## EXERCISE
Repeat only the lines below from the one containing "Example: Defining Classes" through the one containing "Murais de parede", inclusive, exactly as written.

## RECORD EXTRACTS
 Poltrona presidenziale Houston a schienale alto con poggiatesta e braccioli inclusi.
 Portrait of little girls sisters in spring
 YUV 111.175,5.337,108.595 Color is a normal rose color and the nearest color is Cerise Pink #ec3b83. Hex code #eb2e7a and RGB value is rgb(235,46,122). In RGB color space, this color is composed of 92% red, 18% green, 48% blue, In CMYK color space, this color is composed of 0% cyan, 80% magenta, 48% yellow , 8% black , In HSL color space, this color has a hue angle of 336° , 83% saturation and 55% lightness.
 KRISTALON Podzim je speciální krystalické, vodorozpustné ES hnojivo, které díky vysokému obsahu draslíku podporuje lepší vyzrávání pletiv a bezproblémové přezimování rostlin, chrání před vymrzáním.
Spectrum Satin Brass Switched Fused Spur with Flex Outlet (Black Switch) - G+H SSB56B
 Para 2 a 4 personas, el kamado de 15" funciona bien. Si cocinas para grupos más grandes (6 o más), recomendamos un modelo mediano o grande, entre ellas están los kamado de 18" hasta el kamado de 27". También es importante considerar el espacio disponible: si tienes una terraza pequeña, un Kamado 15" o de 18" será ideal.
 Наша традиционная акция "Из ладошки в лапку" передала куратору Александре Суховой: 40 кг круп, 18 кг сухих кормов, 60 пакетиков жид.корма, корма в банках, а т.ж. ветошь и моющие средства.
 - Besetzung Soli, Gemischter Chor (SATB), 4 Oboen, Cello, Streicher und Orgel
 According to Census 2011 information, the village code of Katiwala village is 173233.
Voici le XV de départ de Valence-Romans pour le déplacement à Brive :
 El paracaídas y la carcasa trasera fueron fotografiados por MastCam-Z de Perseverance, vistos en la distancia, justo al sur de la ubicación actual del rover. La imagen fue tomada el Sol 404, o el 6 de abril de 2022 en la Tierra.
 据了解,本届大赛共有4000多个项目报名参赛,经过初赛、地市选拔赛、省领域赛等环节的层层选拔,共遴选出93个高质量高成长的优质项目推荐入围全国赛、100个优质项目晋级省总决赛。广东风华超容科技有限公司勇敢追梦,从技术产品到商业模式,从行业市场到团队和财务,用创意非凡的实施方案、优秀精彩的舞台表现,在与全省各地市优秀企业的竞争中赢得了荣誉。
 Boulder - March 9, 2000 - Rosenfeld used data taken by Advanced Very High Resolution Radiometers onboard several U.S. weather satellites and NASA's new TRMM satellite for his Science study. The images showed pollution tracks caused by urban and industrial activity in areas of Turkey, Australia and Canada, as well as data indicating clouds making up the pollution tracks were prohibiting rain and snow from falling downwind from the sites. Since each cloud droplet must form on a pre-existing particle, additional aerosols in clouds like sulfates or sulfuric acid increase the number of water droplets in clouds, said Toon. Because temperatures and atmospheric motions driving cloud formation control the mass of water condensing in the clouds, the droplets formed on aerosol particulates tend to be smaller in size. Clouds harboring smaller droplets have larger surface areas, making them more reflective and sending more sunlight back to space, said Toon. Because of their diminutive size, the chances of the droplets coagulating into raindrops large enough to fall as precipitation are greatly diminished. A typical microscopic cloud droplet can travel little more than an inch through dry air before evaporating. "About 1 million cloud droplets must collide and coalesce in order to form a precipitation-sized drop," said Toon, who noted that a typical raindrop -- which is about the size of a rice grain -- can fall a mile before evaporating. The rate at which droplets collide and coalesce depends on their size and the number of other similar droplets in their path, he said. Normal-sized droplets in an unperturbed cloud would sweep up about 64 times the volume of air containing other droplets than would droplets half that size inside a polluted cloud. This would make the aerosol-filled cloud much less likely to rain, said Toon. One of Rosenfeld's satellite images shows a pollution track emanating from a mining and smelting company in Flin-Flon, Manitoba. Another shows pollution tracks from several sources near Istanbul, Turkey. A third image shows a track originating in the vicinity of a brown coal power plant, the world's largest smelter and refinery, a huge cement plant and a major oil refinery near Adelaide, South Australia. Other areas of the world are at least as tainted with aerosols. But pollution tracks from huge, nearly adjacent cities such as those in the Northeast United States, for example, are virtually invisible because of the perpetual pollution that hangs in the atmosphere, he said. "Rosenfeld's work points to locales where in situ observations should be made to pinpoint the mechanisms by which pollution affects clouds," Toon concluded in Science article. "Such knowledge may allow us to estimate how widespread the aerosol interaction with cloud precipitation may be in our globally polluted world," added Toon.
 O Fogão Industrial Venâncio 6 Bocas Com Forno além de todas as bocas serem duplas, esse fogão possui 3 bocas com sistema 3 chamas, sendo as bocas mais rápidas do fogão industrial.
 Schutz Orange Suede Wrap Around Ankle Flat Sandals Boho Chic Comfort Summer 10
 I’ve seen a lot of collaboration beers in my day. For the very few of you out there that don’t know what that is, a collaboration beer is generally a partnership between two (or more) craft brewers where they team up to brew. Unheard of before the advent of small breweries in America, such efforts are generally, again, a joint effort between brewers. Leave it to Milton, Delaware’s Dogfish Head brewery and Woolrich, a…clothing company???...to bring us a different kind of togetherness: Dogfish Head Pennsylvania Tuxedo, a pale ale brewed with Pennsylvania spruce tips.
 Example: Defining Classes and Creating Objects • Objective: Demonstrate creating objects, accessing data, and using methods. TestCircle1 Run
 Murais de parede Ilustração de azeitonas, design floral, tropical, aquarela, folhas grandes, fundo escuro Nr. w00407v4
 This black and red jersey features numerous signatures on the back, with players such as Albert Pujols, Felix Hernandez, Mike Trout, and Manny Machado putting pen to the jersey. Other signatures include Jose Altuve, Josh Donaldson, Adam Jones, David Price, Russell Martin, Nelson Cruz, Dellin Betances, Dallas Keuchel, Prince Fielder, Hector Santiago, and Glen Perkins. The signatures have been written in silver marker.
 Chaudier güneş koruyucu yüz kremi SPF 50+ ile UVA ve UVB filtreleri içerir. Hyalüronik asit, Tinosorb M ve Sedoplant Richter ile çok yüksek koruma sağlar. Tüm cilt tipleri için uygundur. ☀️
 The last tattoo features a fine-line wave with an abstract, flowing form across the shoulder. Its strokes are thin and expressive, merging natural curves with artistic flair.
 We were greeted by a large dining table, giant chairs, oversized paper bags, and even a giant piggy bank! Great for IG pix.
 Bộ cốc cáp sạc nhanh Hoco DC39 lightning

## TASK ANSWER
 Example: Defining Classes and Creating Objects • Objective: Demonstrate creating objects, accessing data, and using methods. TestCircle1 Run
 Murais de parede Ilustração de azeitonas, design floral, tropical, aquarela, folhas grandes, fundo escuro Nr. w00407v4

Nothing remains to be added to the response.